◆ **WORK TO COMPLETE**
For every entry that follows, return the words exactly and omit any picture.

◆ **SUPPLIED DATA**
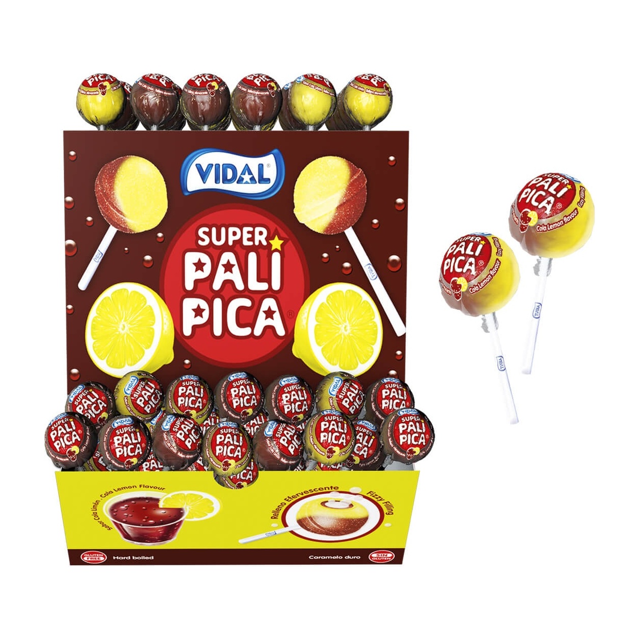 Pack para fiestas y tiendas: atractivos y ácidos caramelos con palo y corazón de chicle que combinan sabores chispeantes a cola y limón. Ideal para los más atrevidos, ofrece una explosión de sabor con textura masticable en su interior y una cubierta ácida vibrante.
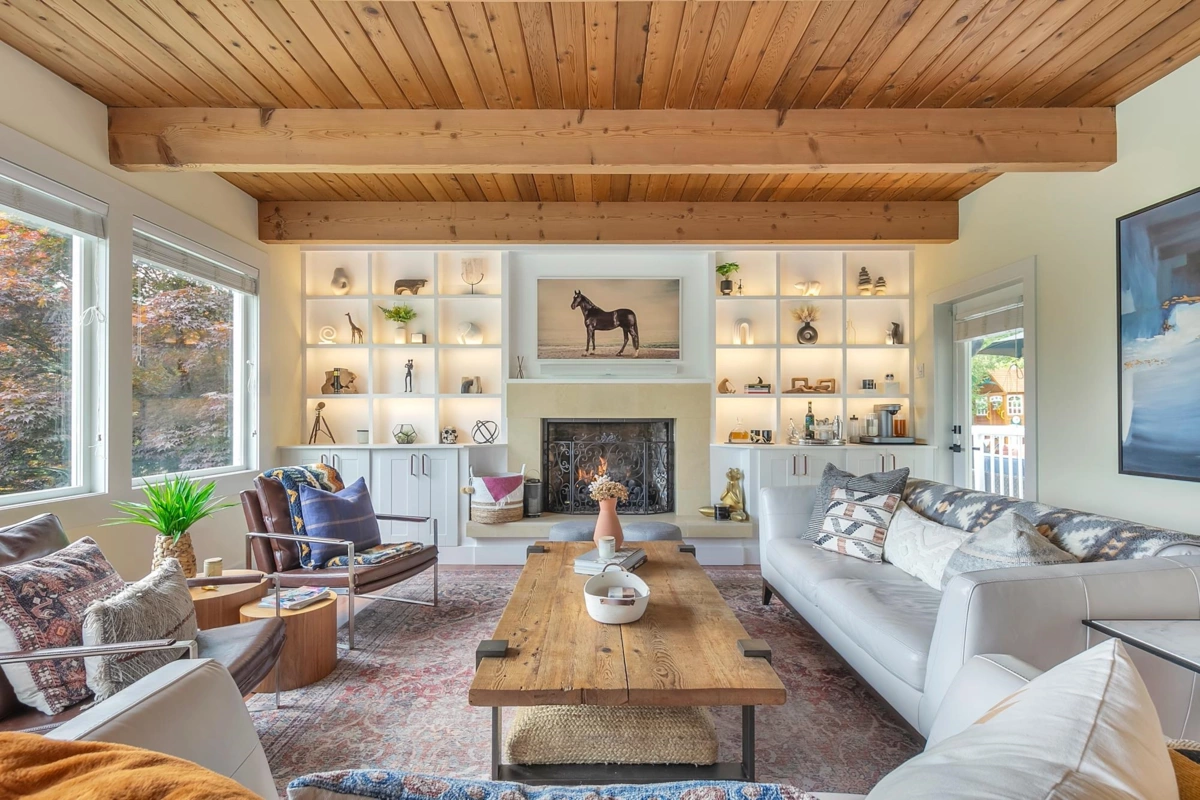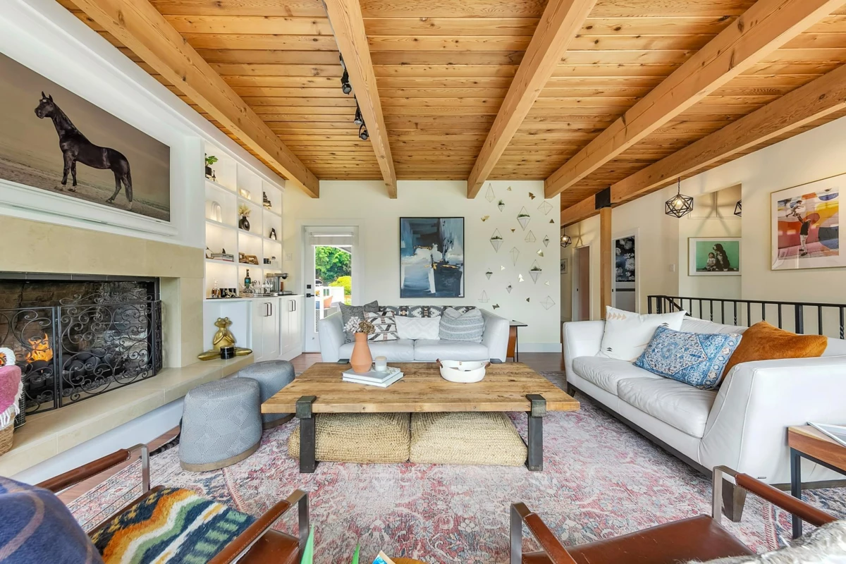 Discover this immaculate family home nestled on a serene, private street in the prestigious British Properties. The residence opens to a well-appointed office, 2 cozy bedrooms, and a media room on the main floor. Ascend to the breathtaking upper level adorned with stunning wood beams & a spacious living area featuring custom shelving. This level hosts 3 additional bedrooms, including a primary suite with custom wardrobes. Enjoy elegant dining spaces with a formal dining room and an inviting eat-in kitchen. Step outside to a perfectly sized deck overlooking a beautifully landscaped yard with a tranquil creek and picturesque bridge. The outdoor experience is enhanced by a superb hot tub setup with built-in speakers and an in-ground subwoofer, perfect for entertaining or relaxing in luxury.
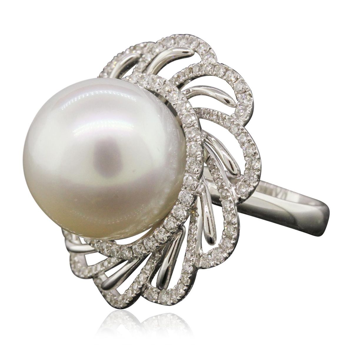 One ring featuring: 7.73 grams of 18KT white gold, (1) pearl measuring 15.00mm, (134) round cut diamonds with a total weight of 1.02cts.
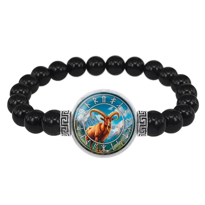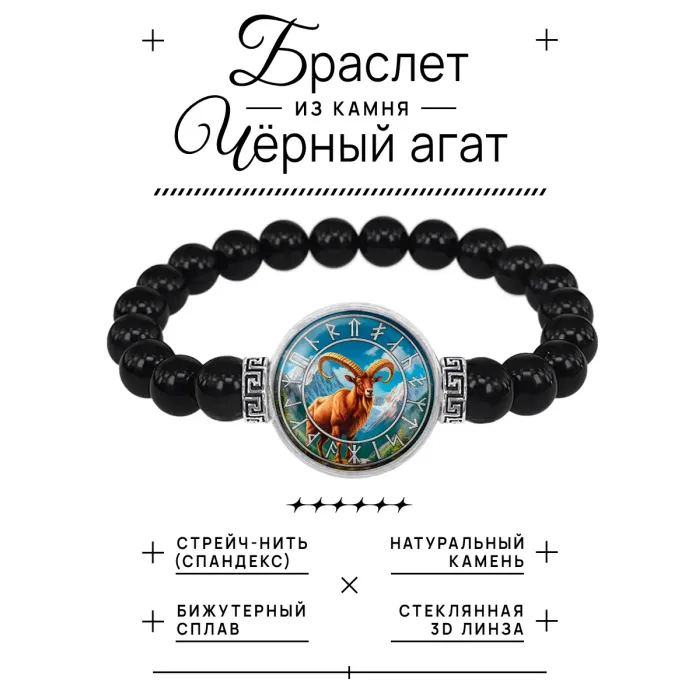 Браслет из чёрного агата с изображением символа Златорогий Тур под выпуклой стеклянной линзой.
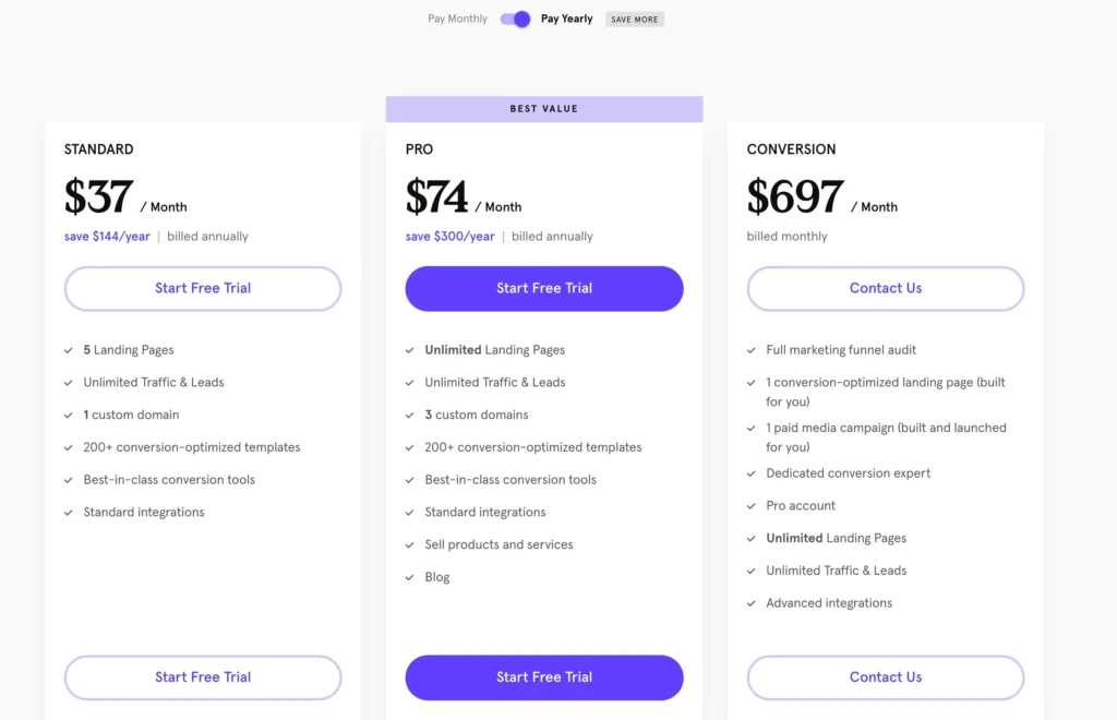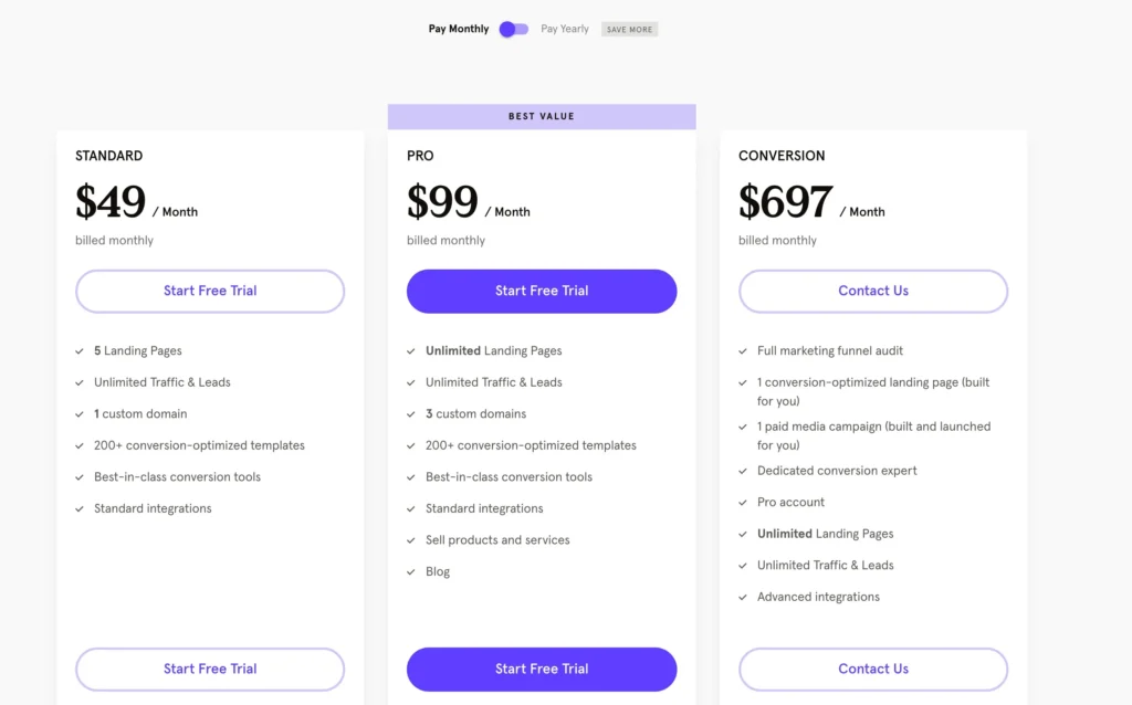 Unbounce offers a limited number of pages for those who purchase their higher-priced plans, whereas Leadpages allows you to create an unlimited number.
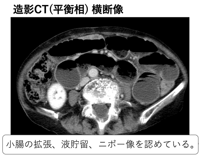 小腸の拡張、液貯留、ニボー像を認めています。
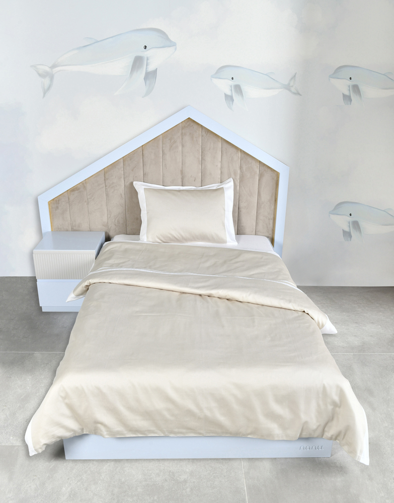 Nanu'nun özel tasarımı olan bu tek kişilik nevresim takımı, pastel açık kahverengi tonlarıyla odanıza zarif bir dokunuş katacak. Hem şık hem de kullanımı keyifli olan bu nevresim takımı, çocuklarınızın uyku kalitesini artırmak için ideal bir seçimdir. Nanu'nun özel tasarımı olan bu %100 koton nevresim takımı çocuklarınızın favorisi olacak.
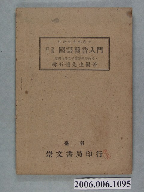2006.006.1095 韓石爐編著《國語發音入門》訂正三版
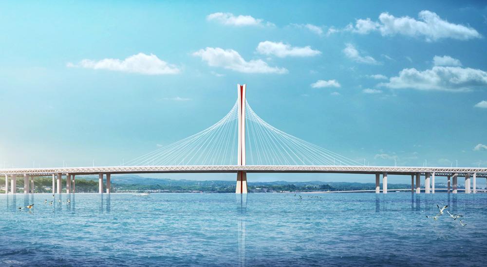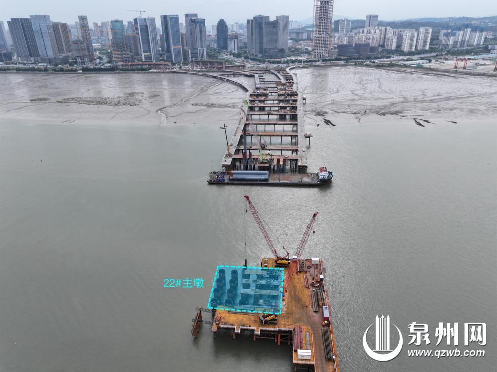 百崎通道由泉州交發集團權屬路橋集團負責管理,中交集團權屬中交二航局、中交一公局承建。主線起于泉州臺商投資區百東大道與洛沙大道交叉口,終于豐澤區豐海路與府東路交叉口,路線全長3.416公里。項目包括一座跨海特大橋、2座互通式立交橋,總體呈東西走向,采用一級公路兼城市主干路標準,主線設計速度為60公里/小時,跨江段采用雙向8車道,互通區主線橋采用雙向6車道。通道建成后,將加強東海片區、臺商投資區等組團之間的緊密聯系,極大緩解后渚大橋的交通壓力,完善洛陽江兩岸城市組團交通干線網,助力泉州市構建泉州灣環灣核心區。

◆ **RESULT FOR THIS EXERCISE**
 Pack para fiestas y tiendas: atractivos y ácidos caramelos con palo y corazón de chicle que combinan sabores chispeantes a cola y limón. Ideal para los más atrevidos, ofrece una explosión de sabor con textura masticable en su interior y una cubierta ácida vibrante.
 Discover this immaculate family home nestled on a serene, private street in the prestigious British Properties. The residence opens to a well-appointed office, 2 cozy bedrooms, and a media room on the main floor. Ascend to the breathtaking upper level adorned with stunning wood beams & a spacious living area featuring custom shelving. This level hosts 3 additional bedrooms, including a primary suite with custom wardrobes. Enjoy elegant dining spaces with a formal dining room and an inviting eat-in kitchen. Step outside to a perfectly sized deck overlooking a beautifully landscaped yard with a tranquil creek and picturesque bridge. The outdoor experience is enhanced by a superb hot tub setup with built-in speakers and an in-ground subwoofer, perfect for entertaining or relaxing in luxury.
 One ring featuring: 7.73 grams of 18KT white gold, (1) pearl measuring 15.00mm, (134) round cut diamonds with a total weight of 1.02cts.
 Браслет из чёрного агата с изображением символа Златорогий Тур под выпуклой стеклянной линзой.
 Unbounce offers a limited number of pages for those who purchase their higher-priced plans, whereas Leadpages allows you to create an unlimited number.
 小腸の拡張、液貯留、ニボー像を認めています。
 Nanu'nun özel tasarımı olan bu tek kişilik nevresim takımı, pastel açık kahverengi tonlarıyla odanıza zarif bir dokunuş katacak. Hem şık hem de kullanımı keyifli olan bu nevresim takımı, çocuklarınızın uyku kalitesini artırmak için ideal bir seçimdir. Nanu'nun özel tasarımı olan bu %100 koton nevresim takımı çocuklarınızın favorisi olacak.
2006.006.1095 韓石爐編著《國語發音入門》訂正三版
 百崎通道由泉州交發集團權屬路橋集團負責管理,中交集團權屬中交二航局、中交一公局承建。主線起于泉州臺商投資區百東大道與洛沙大道交叉口,終于豐澤區豐海路與府東路交叉口,路線全長3.416公里。項目包括一座跨海特大橋、2座互通式立交橋,總體呈東西走向,采用一級公路兼城市主干路標準,主線設計速度為60公里/小時,跨江段采用雙向8車道,互通區主線橋采用雙向6車道。通道建成后,將加強東海片區、臺商投資區等組團之間的緊密聯系,極大緩解后渚大橋的交通壓力,完善洛陽江兩岸城市組團交通干線網,助力泉州市構建泉州灣環灣核心區。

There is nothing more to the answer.